UGC 2885 is an enormous barred spiral galaxy of type SBc in the constellation Perseus. As its name implies, a barred spiral galaxy is a spiral galaxy with a bar through the center, having a well-defined bar across the center, glowing clumps of stars. Its imposing, monstrous size gained it the title of the King of Galaxies.
UGC 2885 is 232 million light-years from Earth and measures 463,000 light-years across, about two and a half times wider than the Milky Way. It also contains ten times more as many stars than our home galaxy, making it one of the most massive known spiral galaxies. This barred spiral galaxy may be part of the Pisces-Perseus supercluster. The system might be the biggest in the nearby universe with a dormant supermassive black hole at its center.
Researchers at the University of Kentucky are studying the UGC 2885 to find out how the galaxy size increased to such enormous proportions. According to NASA, the extremely large barred spiral galaxy might earn UGC 2885 the nickname “Godzilla galaxy.”

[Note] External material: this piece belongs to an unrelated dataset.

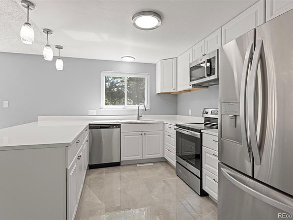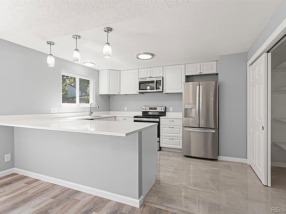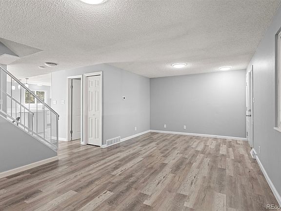 Beautifully fully remodeled Townhouse style Condo! It has an open floor plan that includes a big living room, a dining room, a social bathroom, and a kitchen with quartz countertops, a huge pantry, and all new stainless steel appliances. On the second floor, we find a master bedroom with a walk-in closet and a balcony. It also has two bedrooms and two full bathrooms. This gorgeous unit also has laminated and tile floors and new LED light fixtures. It has a basement with a big family room, laundry area, and spare room for additional storage. It comes with a large patio and two carports assigned to the unit. HOA includes a swimming pool, basketball court, clubhouse, trash collection, snow removal, and, water! Close to I-25, I-70, and I-36, Front Range Community College, shopping and dining!

“How it got so big is something we don’t quite know yet,” said Benne Holwerda, an astronomer investigating the sleeping giant. “It’s as big as you can make a disk galaxy without hitting anything else in space.”
More about the “King of Galaxies,” UGC 2885
UGC 2885 is not a newly discovered galaxy, as astronomers know about its existence from several years ago. Astronomer Vera Rubin has measured its rotation back in the 1980s. Hence the reason Holwerda has dubbed the galaxy in her honor, instead of giving it the frightening Godzilla tag. The personal interactions with Rubin also helped her make up her mind.

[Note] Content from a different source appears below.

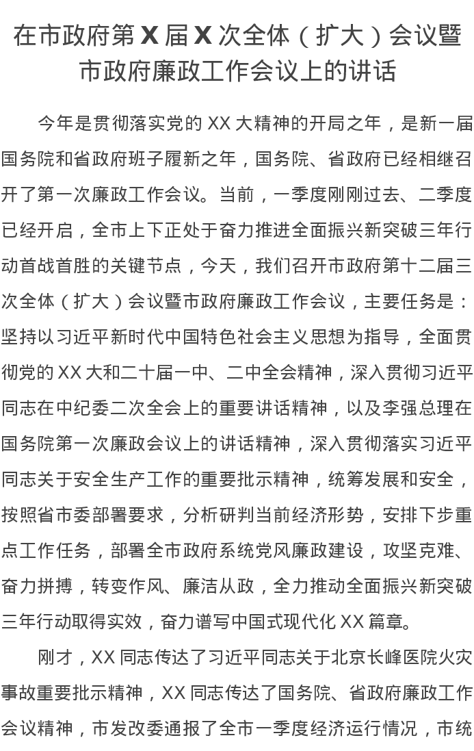在市政府第X届X次全体(扩大)会议暨市政府廉政工作会议上的讲话

“The specific cluster number for this uniquely massive spiral galaxy can now be inferred, and we can see if its cluster population resembles quiescent ellipticals or more a scaled-up spiral,” said Holwerda in a tweet followed by: “Vera Rubin was a wonderful person, respected and admired by many in the astronomical community. She was unfailingly encouraging of young scientists. This has been a recurring theme of stories about her that I have heard. But also something I have experienced myself.”

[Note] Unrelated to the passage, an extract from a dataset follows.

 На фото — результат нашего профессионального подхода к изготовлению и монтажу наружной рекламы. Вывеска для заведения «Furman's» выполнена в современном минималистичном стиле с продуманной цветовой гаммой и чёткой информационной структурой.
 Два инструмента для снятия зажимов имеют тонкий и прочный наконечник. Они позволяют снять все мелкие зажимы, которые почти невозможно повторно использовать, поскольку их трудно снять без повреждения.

The Rubin galaxy is isolated out there in space. Therefore the question is: How did the system grow so big?
One theory could be that big galaxies could swallow smaller galaxies over time. Take our home galaxy, the Milky Way, for example. Holwerda and his team are working on unveiling all its mystery by analyzing the vast spherical clusters of stars within the galaxy, using images captured by NASA’s Hubble space telescope.